Der Anhang besteht aus einer Auswahlbibliographie, chronologischen Tabellen, zwei Karten und einem Personenregister. Die Bibliographie nennt 92 englische, 14 französische, 7 deutsche, einen italienischen und keinen spanischen Titel. Es wird sehr oft aus Quellen zitiert - indes, von wenigen Ausnahmen abgesehen, wird nicht verraten, von wem und aus welchem Werk das Zitat stammt. Das Vorwort wehrt dergleichen als "pedantischen Ballast" ab. Den Übersetzern erlaubt der Autor, die Zitate aus zweiter Hand, aus der von ihm hergestellten englischen Fassung, zu verdolmetschen.
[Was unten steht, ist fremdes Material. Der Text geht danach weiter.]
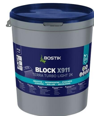
BLOCK X911 TERRA TURBO LIGHT (TURBOTEC 2K SPECIAL)

BLOCK X911 TERRA TURBO LIGHT je dvojzložkový, vodeodolný, flexibilný a trhliny premostujúci produkt na univerzálne použitie ako hydroizolačná kaša a ako pružný polymérom modifikovaný hrubý náter. Možno použiť aj na hydroizoláciu konštrukcií v kontakte so zemou a ako hydroizoláciu pod keramické obklady a dlažbu.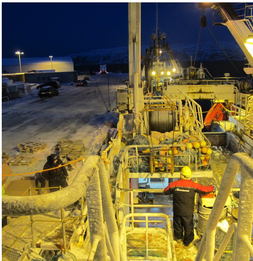
Bilde 4. Lossing pågår

I kystflåten er arbeidsmiljøet lite, både i antall og i areal, og fiskerne jobber tettere på hverandre. Dette fører til at kommunikasjonsbehovet, om det er språklig eller ikke, er annerledes enn på et større fartøy. En kystbåteier som hadde med seg en mann fra Latvia på fiske sa at det med språket gav seg mest utslag i forhold til at det ikke ble så mye "small-talk" om vær og vind på vei til og fra fiskefeltet. Under selve arbeidet gikk det veldig greit fordi behovet for språklig kommunikasjon var begrenset.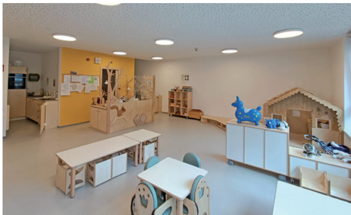
L'asilo nido dopo l'ampliamento

È approvato il certificato di regolare esecuzione, nonché l'allegato conto finale dei lavori per l' arredamento di interni dell'asilo nido dal quale risulta un costo complessivo dell'opera di € 58.703,35.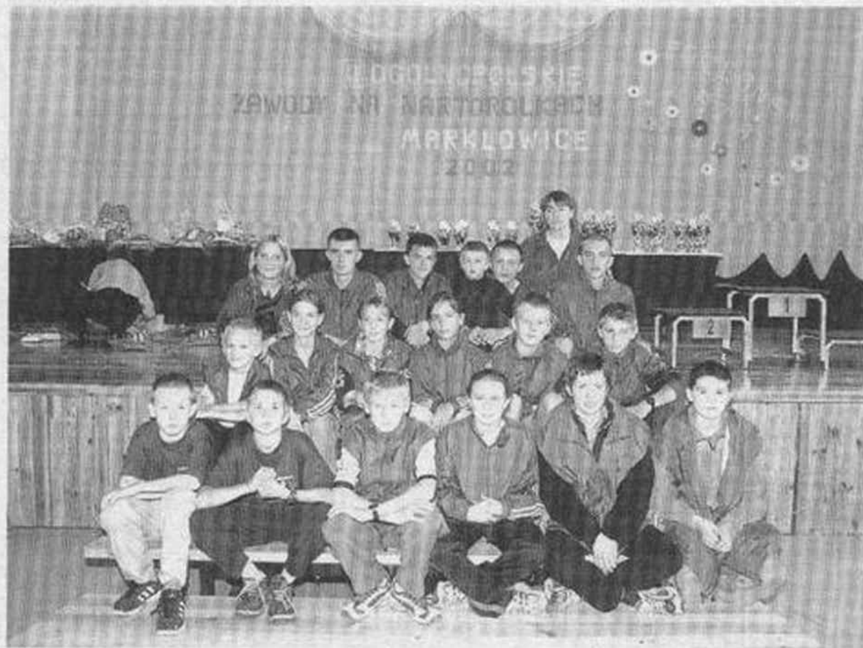
Drużyna UMKS Markłowice startująca w zawodach 21 i 22 września

Pierwszego dnia na dwukilometrową trasę wybiegły dziewczyny rocznika 1991 i starsze, reprezentujące m.in. kluby: Rawa Siedlce, Puszcza Supraśl i Klimczok z Bystrej.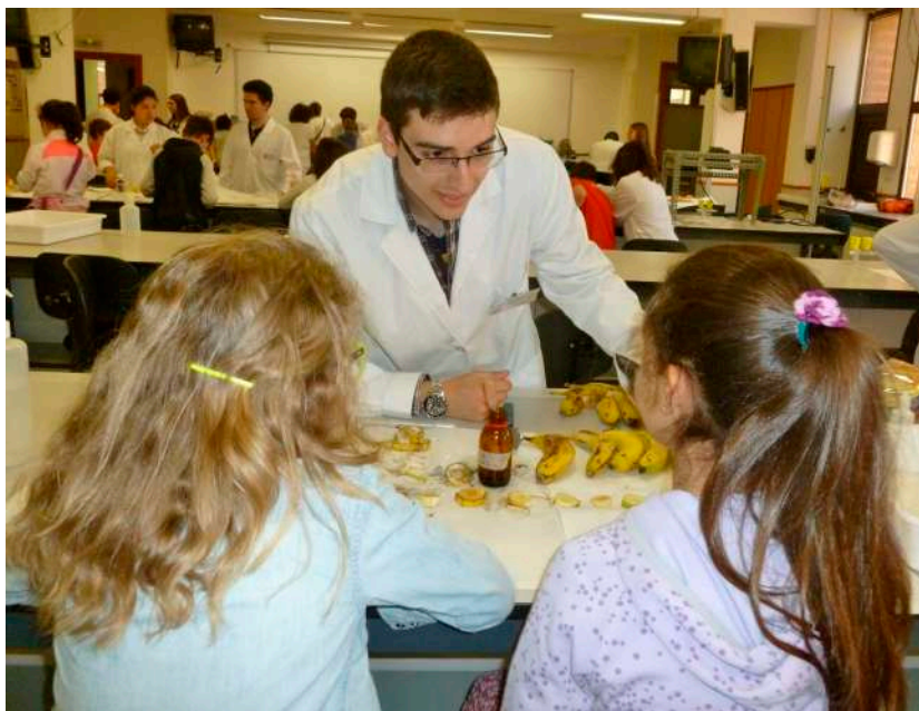
Figura 1. Celebración de uno de los talleres del Día Internacional de Fascinación por las Plantas.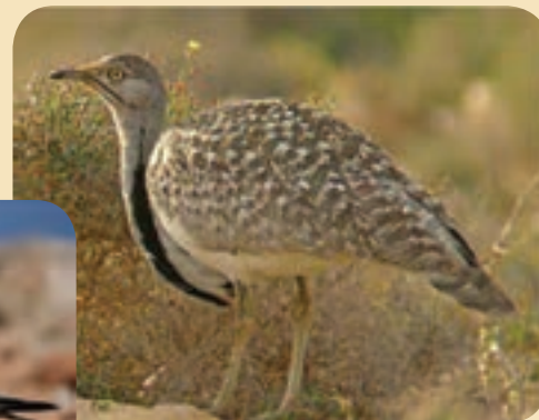
شکل ۲۶-۱- هوبره برنده‌ای در منطقه مسیله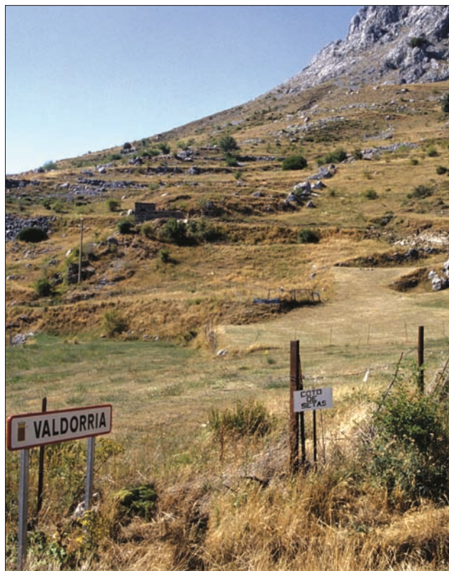
Coto de Calocybe gambosa , en la provincia de León.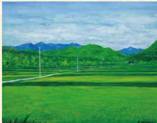
元宿 仁「ふる里の夏」50号F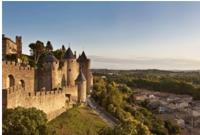
Südfrankreich mit zwei Etappen im Programm

Das Werk ist ein Plauderbuch, ein eindrucksvolles Zeugnis vielfältigen Wissens, eine polyhistorische Sammlung von Begebenheiten und Zuständen. Doch Orientierung und gründliche Belehrung vermag es nicht zu vermitteln. Der Herausgeber der Reihe, Jacques Le Goff, spricht von Essays, mit denen das Thema Europa umkreist werden solle. Ob sich der Autor hiervon hat leiten lassen?

Peter Brown: "Die Entstehung des christlichen Europa". Aus dem Englischen von Peter Hohlbrock. Verlag C. H. Beck, München 1996. 404 S., geb., 48,- DM.